Но скоро события приняли более трагический оборот. Начать с того, что Валентин Матвеич сошел ума, причем только наяву; когда спал – то бы был вполне нормален, хотя видел сплошные кошмарные сны.

«Да какой ум сейчас нужен. Зачем ум-то мне теперь, после всего, – горестно думал Валентин Матвеич, поглядывая в зеркало на свой нос. – Какой тут ум может помочь?»

Однако же дело принимало и в житейском плане серьезный оборот: Валентин Матвеич начал буйствовать, ни с того, ни с сего бил стекла, зеркала и порой с криком «где мой нос» бегал ночью по улицам.
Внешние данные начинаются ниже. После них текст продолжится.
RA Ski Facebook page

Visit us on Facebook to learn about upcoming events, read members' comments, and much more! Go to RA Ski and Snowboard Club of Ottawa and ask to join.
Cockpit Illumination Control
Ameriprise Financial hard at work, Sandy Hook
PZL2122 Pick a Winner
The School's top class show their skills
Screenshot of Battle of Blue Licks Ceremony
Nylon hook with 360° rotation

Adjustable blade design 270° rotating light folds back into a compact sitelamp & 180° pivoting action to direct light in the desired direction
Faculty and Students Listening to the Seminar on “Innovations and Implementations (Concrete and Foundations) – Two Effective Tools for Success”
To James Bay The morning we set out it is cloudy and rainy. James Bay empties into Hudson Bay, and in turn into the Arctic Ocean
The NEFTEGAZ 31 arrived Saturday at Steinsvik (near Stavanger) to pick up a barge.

Ему стало казаться, что старушка Сергеевна не в меру своих лет гоняется за ним, пытаясь сорвать с него последний нос.

Вскоре до этого своего «последнего» носа он уже боялся притрагиваться. А если прикасался, то кричал диким голосом, словно этот нос стал уже иным, инопланетным, скроенным из иной субстанции.

Нос действительно вел себя неадекватно, чихал, например, ни с того, ни с сего, в то время как Валентин Матвеич внутренне никакого приближения в себе чихания не чувствовал, словно он – был одно, а его нос – уже другое. Иногда из носа вообще лились какие-то сумасшедшие звуки, ни на что не похожие, нечеловеческие, словно Валентин Матвеич находился в доисторическом лесу.
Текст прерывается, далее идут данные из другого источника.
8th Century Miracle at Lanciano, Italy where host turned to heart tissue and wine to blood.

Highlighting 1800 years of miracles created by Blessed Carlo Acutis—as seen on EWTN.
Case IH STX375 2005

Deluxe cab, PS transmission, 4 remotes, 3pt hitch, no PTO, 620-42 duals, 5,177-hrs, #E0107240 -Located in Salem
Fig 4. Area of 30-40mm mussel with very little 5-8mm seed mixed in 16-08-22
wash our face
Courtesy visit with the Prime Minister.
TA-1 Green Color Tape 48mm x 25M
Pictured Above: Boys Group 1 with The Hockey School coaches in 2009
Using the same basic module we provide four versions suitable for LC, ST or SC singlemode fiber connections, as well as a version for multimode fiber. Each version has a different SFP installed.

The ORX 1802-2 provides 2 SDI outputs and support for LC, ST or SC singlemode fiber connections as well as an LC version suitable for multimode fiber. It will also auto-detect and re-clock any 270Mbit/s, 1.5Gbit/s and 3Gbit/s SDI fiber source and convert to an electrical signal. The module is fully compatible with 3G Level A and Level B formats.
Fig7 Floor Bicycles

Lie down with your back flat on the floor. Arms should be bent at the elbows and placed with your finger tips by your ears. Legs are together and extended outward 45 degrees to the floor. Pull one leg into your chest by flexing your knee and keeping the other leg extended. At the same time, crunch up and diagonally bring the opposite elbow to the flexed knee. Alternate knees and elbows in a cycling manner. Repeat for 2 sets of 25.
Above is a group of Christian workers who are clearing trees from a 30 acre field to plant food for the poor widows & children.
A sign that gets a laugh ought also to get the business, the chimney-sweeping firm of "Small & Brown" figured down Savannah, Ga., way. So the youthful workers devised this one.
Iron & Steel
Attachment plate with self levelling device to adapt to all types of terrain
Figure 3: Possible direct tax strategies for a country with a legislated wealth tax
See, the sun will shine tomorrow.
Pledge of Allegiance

Было над чем подумать, и иногда, по вечерам, Валентин Матвеич скорбел о потере своего ума, плача перед телевизором.

Слух о его носе между тем дошел до толстушек Фроси и Нюры. Те тут же побежали смотреть. Бегом, кубарем, лишь бы увидеть какой-нибудь остаток Николая Николаевича. Самого Валентина Матвеича они хорошо знали как соседа.

Утром, когда Валентин кушал яичницу и скорбел, прямо-таки ворвались.

– Вот он, нос, – закричала Нюра. – Нос покойного! Вот он где! На Вале!

Валентин Матвеич обомлел.

– Нет прыща, прыща-то нету, Нюра, – заскулила вдруг Фрося, нервно бегая вокруг Валентина Матвеича. – Ты глаза, Нюр, протри и посмотри: прыща-то нету! Какой же это тогда нос покойного!

Прыща и взаправду не стало, прошел, хотя в остальном нос был как будто бы «покойного».

– Был прыщ, был прыщ, – горько заплакал Валентин Матвеич и ринулся было к зеркалу, но зеркала в этой квартире все были побиты.





После скандала – Нюра даже хватанула Валентина Матвеича тряпкой по носу – толстушки унеслись. А Валентин Матвеич, по-прежнему чуть не плача, о чем-то догадывался. Нашел осколок зеркальца и посмотрел: да, конечно, прыщ был на месте, прямо-таки сиял.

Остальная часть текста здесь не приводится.